**Task description**
No pictures, please. Copy exactly the lines from the one with "- ↑ An idealized" through the final line below.

[Records from a dataset]
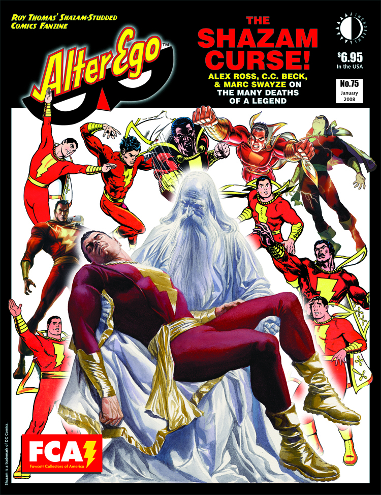 Shazam! proposal from Alex Ross! Plus, there's C.C. Beck on "The Death of a Legend!" Also, there's an engrossing interview with Golden Age artist Marv Levy, featuring art by Bernard Bailey, Carmine Infantino, Mac Raboy, Charles Sultan, Howie Post, Dan Barry, Mort Meskin, and more!
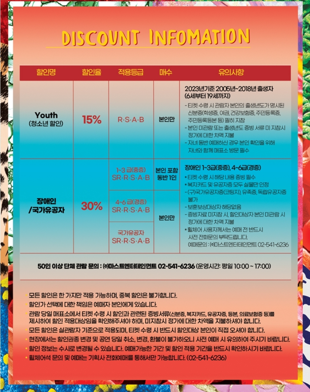 | * 적용회차 : 10/25(수) ~ 11/12(일) * 예매방법 : 좌석선택 > 할인선택 후 결재, 타 할인과 중복 불가 * 유의사항 : 티켓수령 시 가족관계증명서, 등본, 의료보험증, 가족사진 등(가족임을 증명할 서류 지참) |
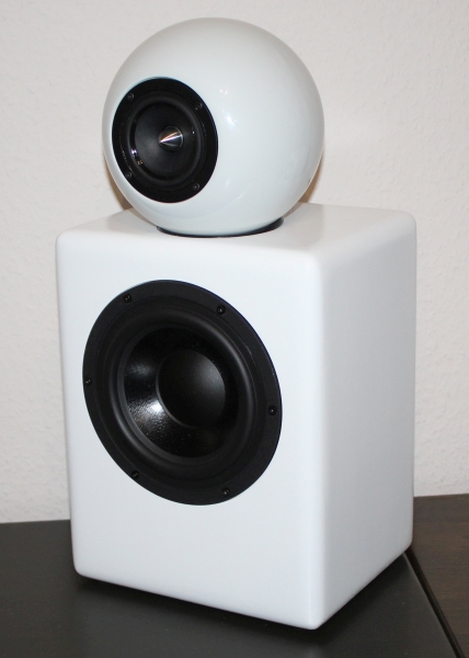 Zur KonstruktionSphere ist ein FaST (Fullrange and Subwoofer Technology), d.h. eine Zweiwegebox in der der Basslautsprecher nur die tiefen Töne bis 300 Hz und den Rest ein Breitbänder übernimmt. Dadurch wird der Breitbänder von überbordendem Membranhub verschont und kann sehr musikalisch aufspielen. Beide Treiber laufen in separaten geschlossenen Gehäuseabteilungen. Der Bass ist mittels eines Linkwitz-Entzerrers auf eine untere Grenzfrequenz von 40 Hz abgestimmt, was einen sehr sauberen, akkuraten und auch tiefreichenden Tiefton zur Folge hat. Die Trennung zum Breitbänder erfolgt bei 300 Hz mittels eines 24 dB Linkwitz-Riley-Filters, welcher den Breitbänder effektiv von tiefen Tönen und Membranhub entlastet. Der Breitbänder ist ein sehr guter Vertreter seiner Gattung, der es bis in den Hochton schafft und im oberen Frequenzbereich auch wie ein Hochtöner klingt. Die Maximallautstärke (zwei Boxen in Summe) beträgt ca. 99 dB bei einem Meter Abhörentfernung. Anmerkungen zum NachbauDer Nachbau ist nicht unmöglich, aber wirtschaftlich nicht sinnvoll. Der Tieftöner ist nur noch gebraucht erhältlich und die Kugelgehäuse sind exorbitant teuer. Aus diesen Gründen stelle ich diese Box lediglich als Anregung vor, was man mit diesen Mitteln erreichen kann und als Denkanstoß, so etwas in abgewandelter Form nachzubauen. Wer es mit einem anderen Basstreiber versuchen möchte, dem sei der Wavecor WF182BD09 Glass Fiber empfohlen. Entwicklungs- und Bau-Thread im HiFi-Forum
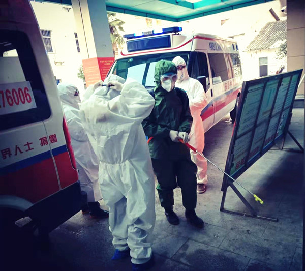 秦奇峰和姚湛军是XK星空临床201512班的学生。作为红安县杏花卫生院理疗科的年轻医生,工作还不到两年,他们得知疫情后主动请缨,并积极承担起全院的消毒杀菌工作。这项工作每天要背上几十斤的消毒喷雾器,在病区、电梯、转运车里每天往返十几趟。哪怕身上的防护服湿透,他们还是会腼腆地笑着说:“我们辛苦点,能有效预防病毒的扩散和保障医护人员的健康,真的很值得。”为两位帅小伙点赞!
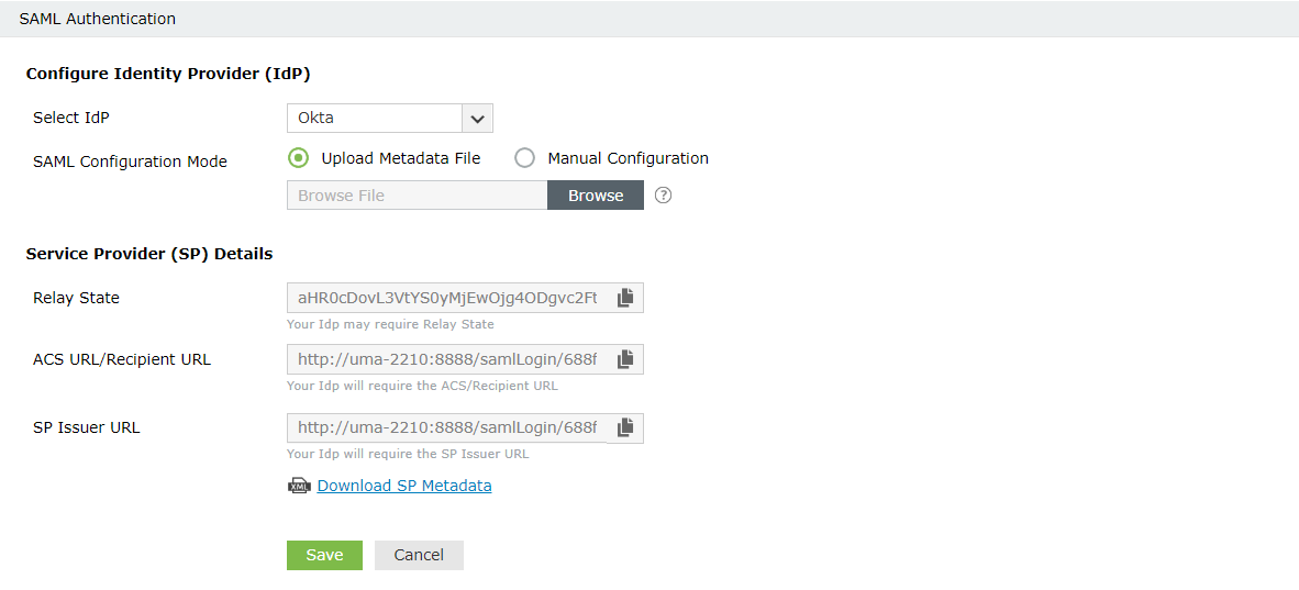 Metadata File. Use the newly generated ACS URL/Recipient URL or the SP Metadata File to create a new SAML configuration for ADSelfService Plus in your identity provider.
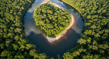 aerial shot of a heart shaped island with lush trees surrounded by a river in a green forest canopy
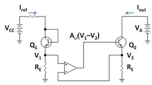 - ↑ An idealized version of the argument in the text, valid for infinite op amp gain, is as follows. If the op amp is replaced by a nullor, voltage V2 = V1, so the currents in the leg resistors are held at the same value. That means the emitter currents of the transistors are the same. If the VCB of Q2 increases, so does the output transistor β because of the Early effect: β = β0(1 + VCB / VA). Consequently the base current to Q2 given by IB = IE / (β + 1) decreases and the output current Iout = IE / (1 + 1 / β) increases slightly because β increases slightly. Doing the math,
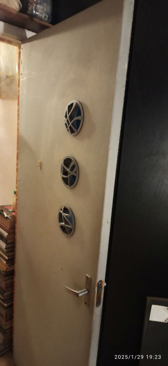 Всё таки перед установкой надо дверь хотя бы оклеить... чем-нибудь стильным... Опять поиски, сомненья, пробы. Если этот пост наберет... А пофиг сколько он там чего. Будет настроение - опубликую результат. И - да. Двери 40+ лет. СССР, картон, внутри бумажные соты. Выкинуть её давно надо...
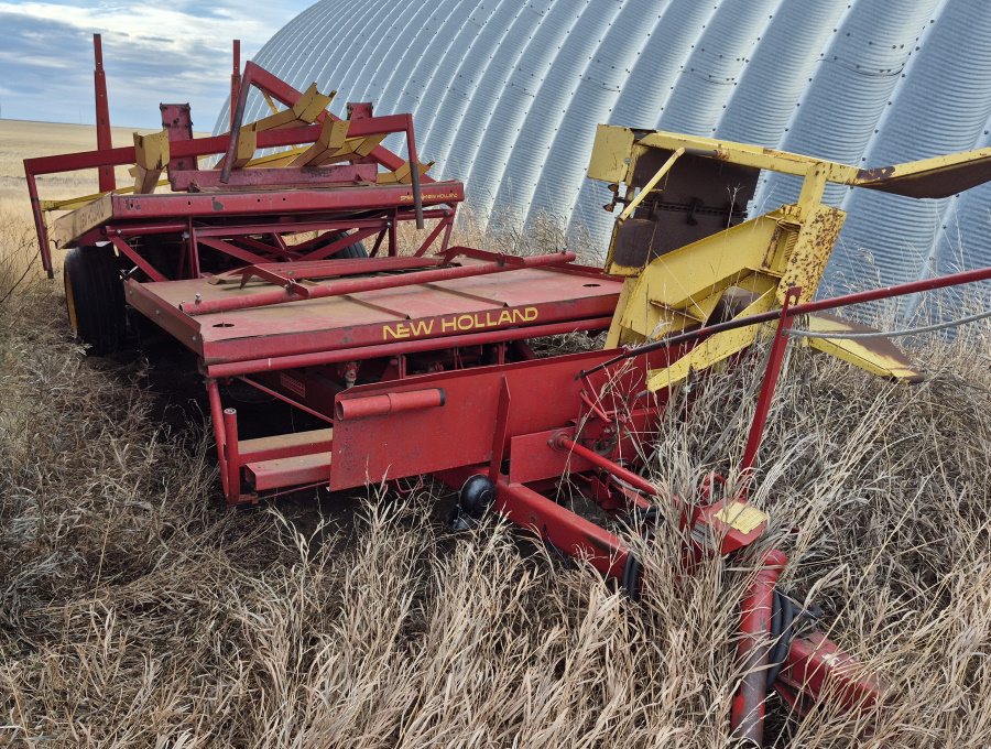 - *New Holland #1002 Stackliner bale wagon, sides down for transport

**Written response**
 - ↑ An idealized version of the argument in the text, valid for infinite op amp gain, is as follows. If the op amp is replaced by a nullor, voltage V2 = V1, so the currents in the leg resistors are held at the same value. That means the emitter currents of the transistors are the same. If the VCB of Q2 increases, so does the output transistor β because of the Early effect: β = β0(1 + VCB / VA). Consequently the base current to Q2 given by IB = IE / (β + 1) decreases and the output current Iout = IE / (1 + 1 / β) increases slightly because β increases slightly. Doing the math,
 Всё таки перед установкой надо дверь хотя бы оклеить... чем-нибудь стильным... Опять поиски, сомненья, пробы. Если этот пост наберет... А пофиг сколько он там чего. Будет настроение - опубликую результат. И - да. Двери 40+ лет. СССР, картон, внутри бумажные соты. Выкинуть её давно надо...
 - *New Holland #1002 Stackliner bale wagon, sides down for transport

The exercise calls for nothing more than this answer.